Men who spend the majority of their time focusing on Urgent but Insignificant Tasks are prone to “Nice Guy Syndrome,” in which they seek to satisfy others at the cost of their own satisfaction.

If this describes you, the answer is straightforward: Become more aggressive and start saying no to most requests firmly (but gently).

Quadrant 4: Non-essential and non-urgent tasks

Quadrant 4 actions aren’t vital or urgent. They’re what I like to refer to as “doing nothing” activities. Q4 tasks aren’t urgent, and they won’t help you reach long-term objectives or carry out your manly purpose. They’re mostly intended to be a source of diversion.

The following are some instances of Not Urgent and Not Important Tasks:

  • Observing television
  • Surfing the web mindlessly
  • Participating in video games
  • Scrolling through social media sites such as Facebook, Twitter, and Instagram
  • Gambling
  • Buying sprees

I believe that most of us would discover that we spend an excessive amount of time on Q4 activities if we ran a time audit on ourselves. I’m sure we’ve all had those “I’m wasting my life” moments after spending hours on the internet and realizing we might have utilized that time to pursue more noble life objectives. No? Is it just me? Dang.

 

As a pragmatic, I don’t believe you should completely exclude Q4 activities from your life. After a particularly stressful and busy day, a half-hour of aimless internet surfing or watching a favorite TV program is just what my brain needs to unwind.

Rather of attempting to fully eliminate Not Urgent and Not Important jobs, try to devote just a little amount of time to them.

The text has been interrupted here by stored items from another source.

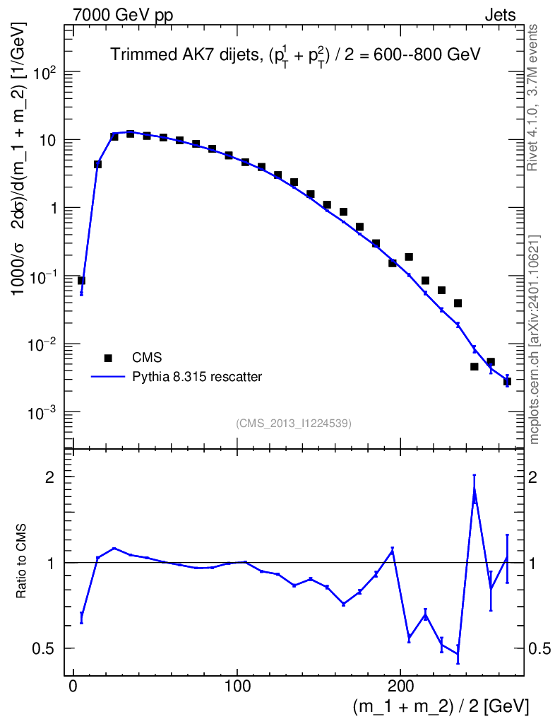 Lines: data, pythia8 8.315 rescatter |
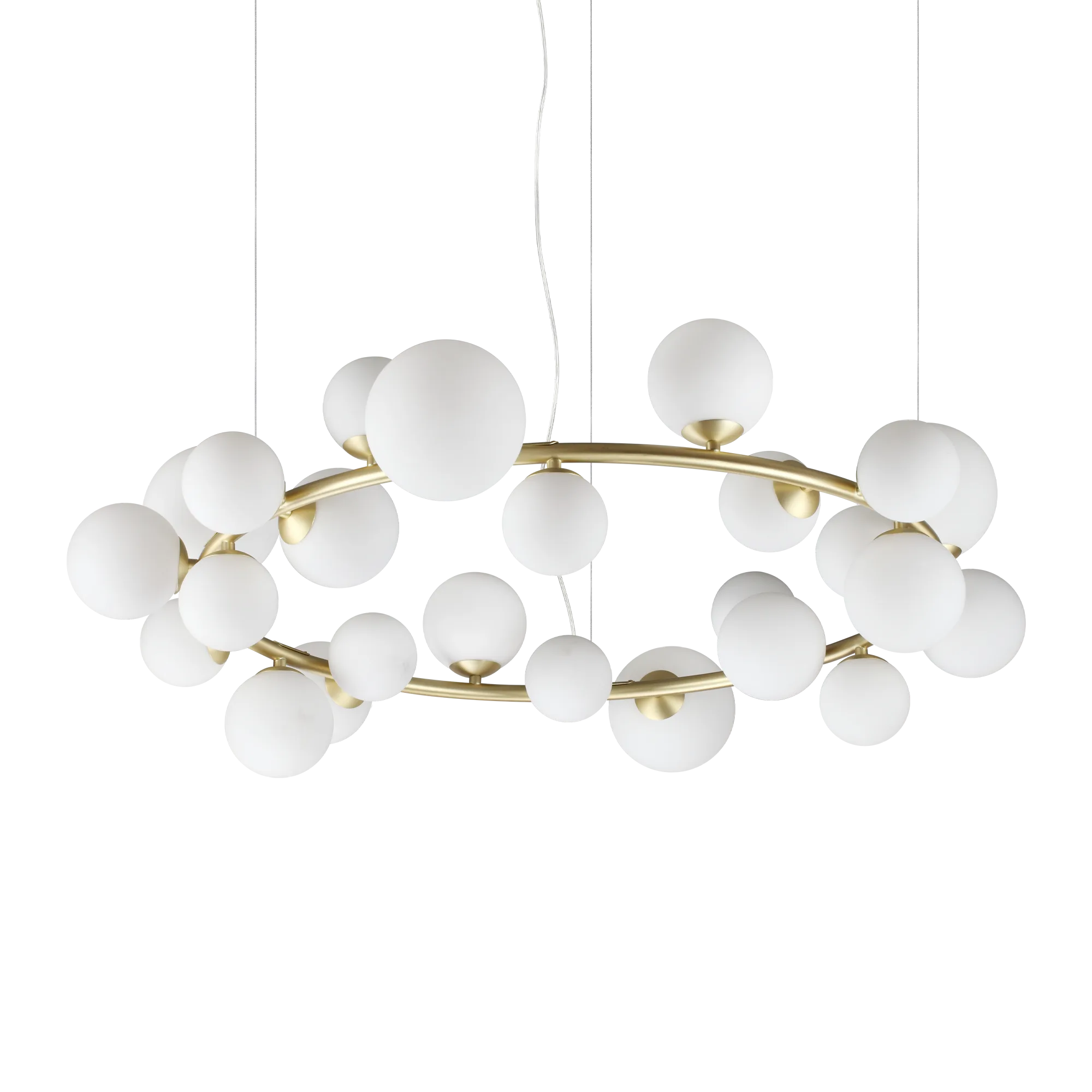 Το IDEAL LUX Perlage SP25 White είναι ένα εντυπωσιακό κρεμαστό πολύφωτο φωτιστικό με 25 γυάλινες σφαίρες σε λευκή απόχρωση, σχεδιασμένο για να προσφέρει πλούσιο και ομοιόμορφο φωτισμό σε μεγάλους εσωτερικούς χώρους. Με 25 υποδοχές G9, εξασφαλίζει υψηλή φωτεινότητα και εντυπωσιακή φωτιστική παρουσία, ιδανική για χώρους όπου ο φωτισμός αποτελεί βασικό στοιχείο διακόσμησης.
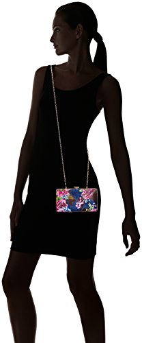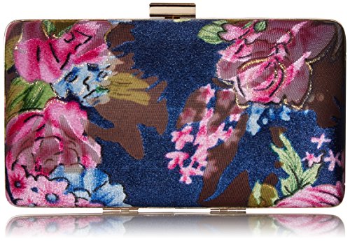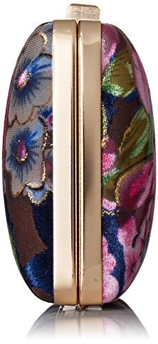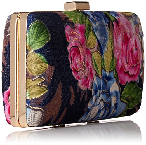 -. Feature : Framed minaudiere / Velvet material with pops of pinks and blues / Drop in chain strap / Fully lined interior features back wall slip pocket
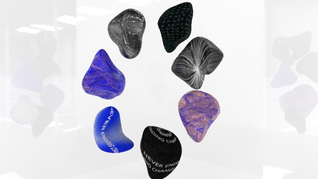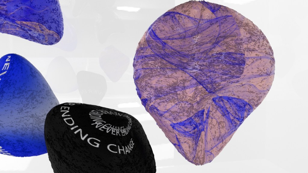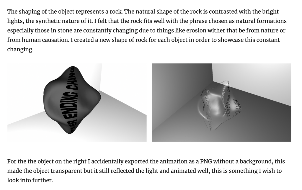 In my work I wanted to highlight the idea of perpetual “never ending” change, I chose rocks as they are constantly being changed by natural processes as well as human activity. I sculpted each rock differently in order to demonstrate this. I also chose to animate certain textures included to further highlight the idea of change as well as the flowing nature of some of the text and patterns. To give the feeling of movement even though it is at a standstill.
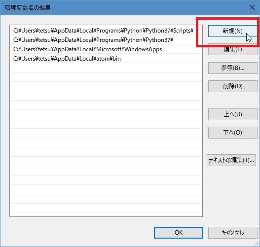 [環境変数名の編集]画面が表示されるので、[新規]ボタンをクリックします。
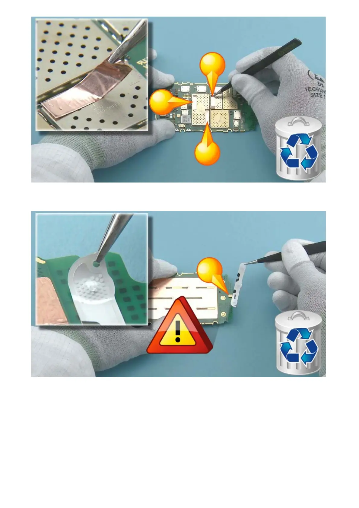 Remove the three shown SHIELD ADHESIVES with tweezers. Do not use them again. Discard them.
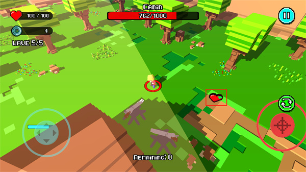 游戲中玩家需要通過滑動左下角的搖桿來進行移動,通過滑動右下角的按鈕來進行攻擊,滑動的方向就是射擊的方向,游戲中擊敗僵尸還會掉落道具,道具可以幫助玩家快速通關,玩家的目的就是需要守護家,游戲上方的是家的血條。像素射擊僵尸戰(zhàn)場游戲左上方是玩家的血條,玩家闖關時需要注意血條的多少,游戲左上角還有僵尸攻擊的次數(shù),抵御了僵尸的攻擊即可通關,每抵御一次僵尸的攻擊,玩家都可以對家附近建造防御,成功抵御僵尸的攻擊即可通關,通關后游戲還會為玩家發(fā)放豐富的獎勵。還在等什么,有興趣的玩家快來像素射擊僵尸戰(zhàn)場游戲進行闖關吧!

A excellent objective is to sleep for 5% of your awake hours or less.

Spend more time on important tasks, like Ike did.

The capacity to filter the signal from the noise, or to discriminate between what’s urgent and what’s genuinely important, is a necessary talent in today’s world of shock.

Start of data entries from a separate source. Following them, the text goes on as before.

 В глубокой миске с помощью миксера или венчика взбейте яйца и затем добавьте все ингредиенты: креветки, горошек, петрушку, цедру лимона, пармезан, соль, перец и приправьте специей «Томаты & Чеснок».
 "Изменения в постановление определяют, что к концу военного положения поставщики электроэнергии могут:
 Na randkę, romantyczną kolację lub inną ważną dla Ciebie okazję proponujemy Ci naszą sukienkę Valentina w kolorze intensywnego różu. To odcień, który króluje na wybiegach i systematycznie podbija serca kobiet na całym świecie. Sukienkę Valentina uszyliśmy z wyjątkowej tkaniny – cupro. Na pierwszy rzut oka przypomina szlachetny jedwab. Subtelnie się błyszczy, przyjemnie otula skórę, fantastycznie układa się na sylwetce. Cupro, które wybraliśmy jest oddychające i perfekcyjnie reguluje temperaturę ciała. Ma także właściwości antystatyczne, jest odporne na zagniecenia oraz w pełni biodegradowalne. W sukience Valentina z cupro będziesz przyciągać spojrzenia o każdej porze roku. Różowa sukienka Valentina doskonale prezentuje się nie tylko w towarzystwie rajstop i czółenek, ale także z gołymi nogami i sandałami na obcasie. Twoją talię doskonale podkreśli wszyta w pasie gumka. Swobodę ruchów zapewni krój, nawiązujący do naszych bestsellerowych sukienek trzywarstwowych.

This week, my challenge to you is to use the Eisenhower Decision Matrix in as many facets of your life as possible. Stop and question yourself, “Am I doing this because it’s important or am I doing it because it’s urgent?” when presented with a choice.

I guarantee you’ll experience a restored feeling of peace, control, and composure in your life as you spend the majority of your time focusing on Not Urgent but Important things. You’ll get the impression that you’re making substantial progress. You may avoid and remove many of the crises and difficulties of Q1 by spending your time in Q2’s planning/organizing tasks, balance the demands of Q3 with your personal needs, and fully enjoy the veg-outs of Q4 knowing that you’ve earned the rest. You’ll have the mental, emotional, and physical resources to respond constructively rather than defensively if you make Q2 duties your top priority, regardless of the urgency, inconvenience, or deadline you’re faced with.

Tools to Assist You

We recommend using the following tools to help you use the Eisenhower Decision Matrix.

App. Eisenhower This is an iPhone application that helps you manage your tasks using the Eisenhower Decision Matrix. I got a chance to experiment with it and was impressed with what I observed. I haven’t seen anything comparable for Android.

Worksheet on the Eisenhower Decision Matrix is available to download. The Eisenhower Decision Matrix has been turned into a slick little PDF that you can download for free. Make a copy and set aside 30 minutes for personal contemplation tonight. Make a note of the jobs that take up the majority of your time and allocate them to a quadrant in the matrix. This will give you an approximate indication of how much time you’re wasting on tasks that are genuinely vital.

After that, consider strategies to lower the amount of time you spend on Q1, Q3, and Q4 duties while increasing your time spent on Q2 activities.

 

 

The “difference between urgent and important examples” is a decision matrix that can help users to distinguish between tasks that are urgent and important.